1 Dönüme Kaç İnek Sığar?

1 dönüme kaç inek sığar

1 dönüme kaç inek sığar? 1 inek kaç metrekarede yaşar? 10 büyükbaş için gerekli alan ne kadardır? 50 büyükbaş için gerekli alan ne kadardır? 100 büyükbaş için gerekli alan ne kadardır? 1 inek için kaç dönüm arazi gereklidir? 1 dönüme kaç tane inek sığar? Ve benzeri gibi pek çok soru, büyükbaş hayvan yetiştirmeyi düşünen kişiler tarafından sıkça sorulmaktadır.

1 Dönüme Kaç İnek Sığar?

Büyükbaş yetiştirmek için gerekli olan alan; hayvanın boyutu, cinsiyeti, yaşam koşulları, yetiştirme yöntemleri ve en önemlisi de yetiştirme amacı gibi pek çok faktöre bağlı olarak değişebilmektedir. Genellikle, açık alanda serbestçe dolaşabilecek olan bir inek için 1 dönüm alan yeterli olacaktır. Bir büyükbaş için gerekli olan ahır alanı ise ortalama olarak 20 metrekare civarıdır. Bu durumda serbest gezen inekler için dönüme 1 ineğin sığabileceğini, bir dönüm ahırda da 50 ineğin beslenebileceğini söyleyebiliriz.
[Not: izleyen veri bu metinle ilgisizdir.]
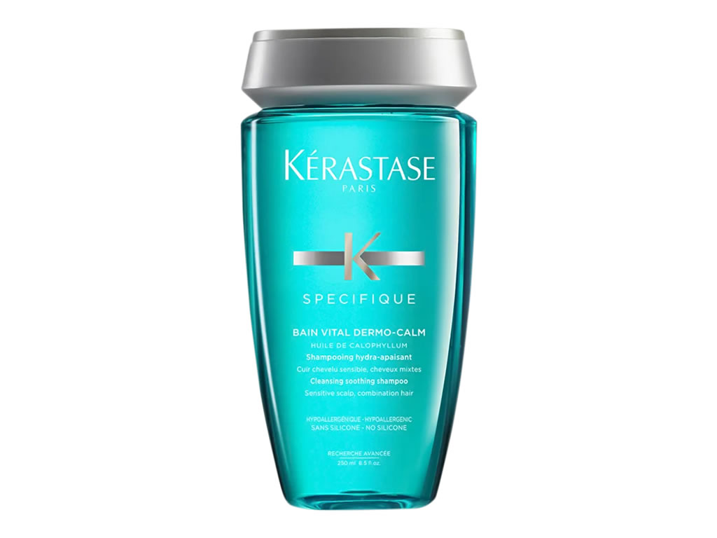 Shampoo calmante para o couro cabeludo sensível e cabelos mistos. Kérastase Spécifique Bain Vital Dermo-Calm acalma, elimina impurezas e nutre o couro cabeludo com leveza.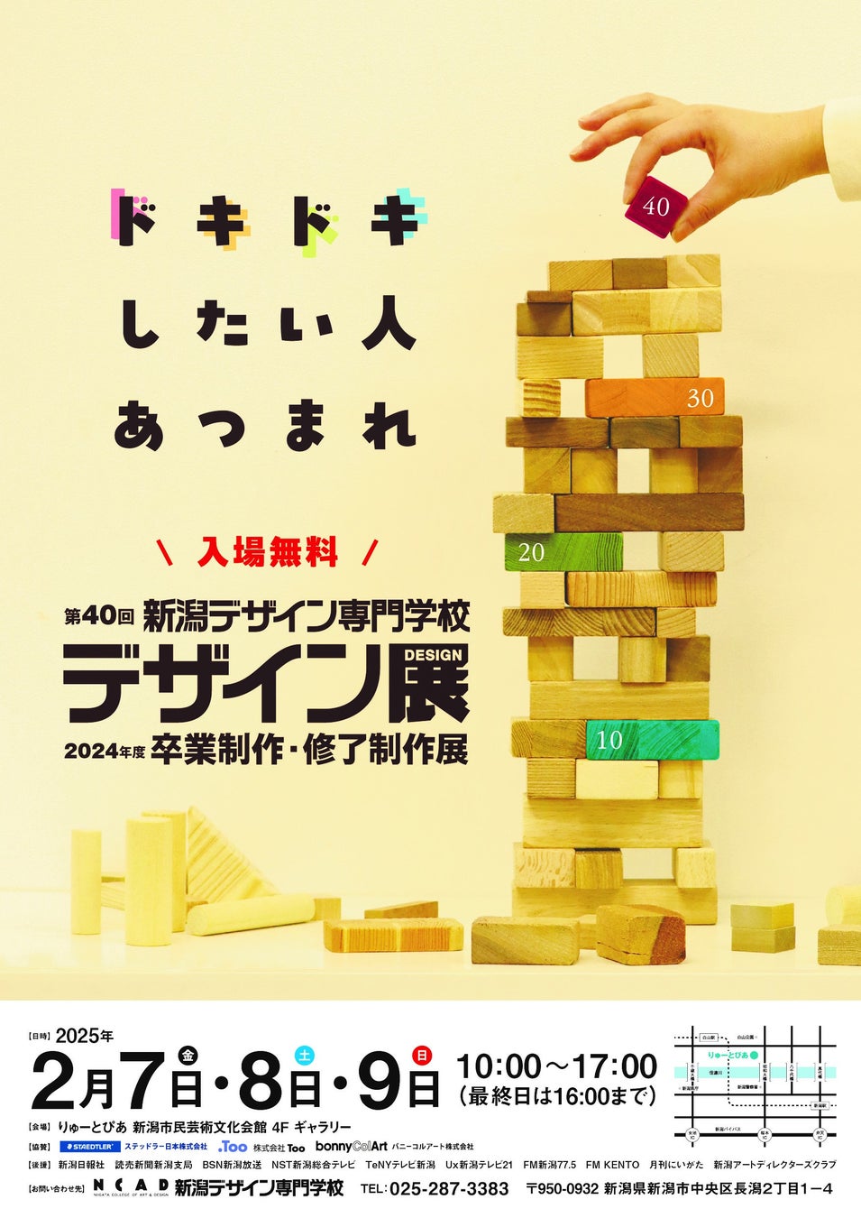 NSGグループの新潟デザイン専門学校では、2月7日(金)~9日(日)の3日間、りゅーとぴあ 新潟市民芸術文化会館にて卒業制作・修了制作展(通称:デザイン展)を開催します。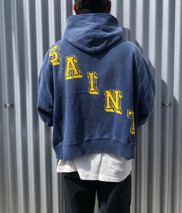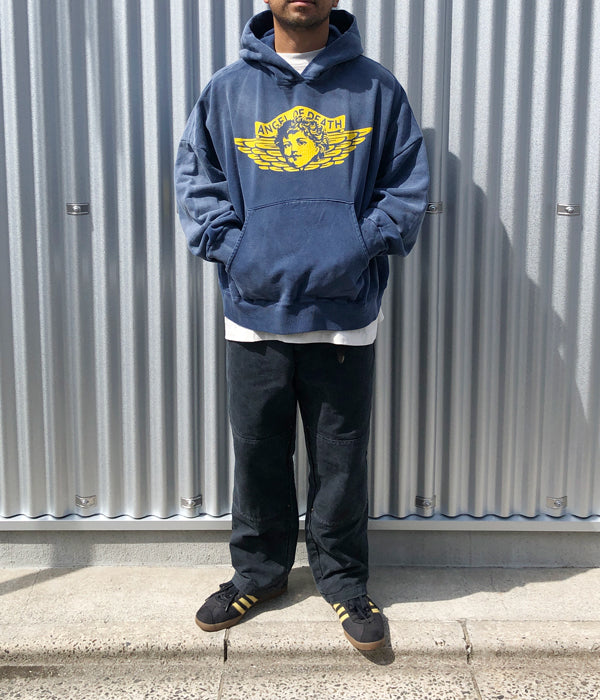 SAINT MICHAELから、HOODIE/ANGEL/NAVYが入荷しました。フェード感に溢れるネイビーカラーのボディにビンテージ感が宿るP/Oフーディー。前後に大きくデザインされたプリントがインパクトあります。バックスタイルでななめにデザインされたSAINTの文字がポイント。

Et üretimi için beslenen hayvanlar genellikle daha az alana ihtiyaç duyarlar çünkü süt üretimi için beslenenlerden daha az hareket ederler ve büyüme süreçleri de genellikle daha kısadır. Süt üretimi için beslenen hayvanlar ise daha fazla alan ve daha iyi çevre koşulları gerektirir. Bu hayvanlar sürekli olarak süt üretmek için beslendiklerinden, daha fazla enerji tüketirler ve dolayısıyla daha fazla alan ve daha iyi beslenme koşulları isterler.

10 Büyükbaş İçin Gerekli Alan Ne Kadardır?

Eğer hayvanlar serbest bir şekilde gezeceklerse on büyükbaş için 10 dönüm arazi; ahırda yetişeceklerse de on büyükbaş için 200 metrekare kadar bir alan gerekli olacaktır.

50 Büyükbaş İçin Gerekli Alan Ne Kadardır?

Eğer hayvanlar serbest bir şekilde gezeceklerse elli büyükbaş için 50 dönüm arazi; ahırda yetişeceklerse de elli büyükbaş için 1000 metrekare yani 1 dönüm kadar bir alan gerekli olacaktır.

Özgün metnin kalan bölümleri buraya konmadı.